--- WORK ITEM ---
Word for word, transcribe the data below from the line with "Red and white" to the line with "Die Unterkunft bietet", keeping both of those lines.

INFORMATION PROVIDED START

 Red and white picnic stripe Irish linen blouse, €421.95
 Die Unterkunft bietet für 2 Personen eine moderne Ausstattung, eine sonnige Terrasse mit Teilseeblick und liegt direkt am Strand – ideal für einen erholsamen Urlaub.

INFORMATION PROVIDED END
INFORMATION PROVIDED START

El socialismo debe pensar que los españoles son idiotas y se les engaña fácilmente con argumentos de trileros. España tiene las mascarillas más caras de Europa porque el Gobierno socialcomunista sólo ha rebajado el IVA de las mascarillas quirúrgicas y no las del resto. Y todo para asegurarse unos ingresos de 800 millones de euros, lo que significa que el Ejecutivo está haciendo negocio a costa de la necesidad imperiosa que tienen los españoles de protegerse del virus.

INFORMATION PROVIDED END

--- ANSWER AREA ---
 Red and white picnic stripe Irish linen blouse, €421.95
 Die Unterkunft bietet für 2 Personen eine moderne Ausstattung, eine sonnige Terrasse mit Teilseeblick und liegt direkt am Strand – ideal für einen erholsamen Urlaub.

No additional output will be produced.